ANO1 can be regulated through mRNA–miRNA interaction. miR-381 was the target miRNA tested for the correlation in this study and our results suggest an inverse correlation between miR-381 and ANO1 expression. Inhibition or upregulation of miRNAs using synthetic inhibitors or mimic has been shown to be an effective approach rather than targeting upstream pathways to achieve endogenous regulation of miRNAs. In this study overexpression of miR-381 using a mir-381 mimic had a negative effect on ANO1 expression in Cd-exposed cells. This suggests that targeting miR-381 can serve as a regulatory mechanism for ANO1 (Fig. 4c).

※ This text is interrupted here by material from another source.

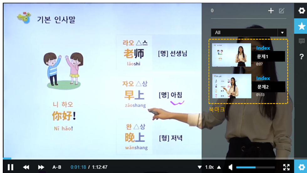
시청자 화면에 표시되는 문제 단위 별 분할지점 (북마크) 정보

TGF-β signaling which has been extensively studied and reported to highly expressed and promote airway remodeling in asthma is also suppressed by an increased expression of miR-381. TGF-β promotes goblet cell transformation resulting in increased mucus production and secretion28. Knockdown of miR-381 increases epithelial cell proliferation with increased Ki-67 stained cells and intensity13. In gastric cancer induction of miR-381 expression suppresses differentiation of epithelial cells and reduces cell proliferation29. Our observations from experiments involving low-dose Cd-exposure of epithelial cells suggested a similar understanding that ANO1 is a direct target for miR-381 which is downregulated upon low-dose Cd-exposure (Fig. 4c). Thus, CS-induced Cd-toxicity may alter cellular homeostasis mechanisms at very low concentrations. Thus Cd-exposure in a person with an existing pulmonary condition can have an additive or adverse effect with increased susceptibility towards infections and environmental allergens and that miRNAs may act as potential therapeutic targets to be explored further in Cd-exposure and subsequent lung injury.